3) Every poll is positioned on the middle of its fieldwork, not at the end of it. This seems more appropriate since the information has been gathered over a period of time and reflects the variation in opinion during that period.

4) The data used come from the answers to the question about voting intention for the four candidates (and others).

5) All the tracking polls are included only once for each period: For example, a poll conducted on three days is included once every three days. In this way, we only include independent data, which is appropriate in statistical terms.

6) I do not include the LA Times polls, mostly for two reasons. First, there is only one sample interviewed, always the same.

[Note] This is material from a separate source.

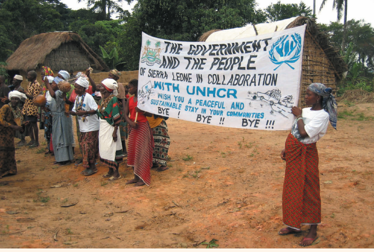
Sierra Leonean villagers wish Liberian returnees a safe journey home.

and local customs. A lawyer provided legal services to refugees and followed up 28 cases referred to court, including 11 related to allegations of sexual abuse. While a majority of the cases remained inconclusive due to lack of evidence and/or interference by family members, the referral of cases to court was in itself an achievement, since perpetrators of sexual violence had previously rarely been brought to justice.

If this sample is biased, all the polls are therefore biased. Second, the question used ask respondents to rate the probability that they will vote for each candidate. It is well known that these probabilities do not usually add up to 100% unless it is "forced". We may also think that a proportion of these probabilities are around 100 or 0. We do not have the distribution of the these probabilities, only their average. In my view, there is

*not enough information*to integrate this poll, the question asked is too much different from other polls to be compared with them and the sample is akin to a sample of professional respondents, which is problematic.

7) For Canadians, note that, in the USA, IVR cannot be used to call cell phones. This is why pollsters use Web opt-in for a part of their sample (20% in the case of Rasmussen).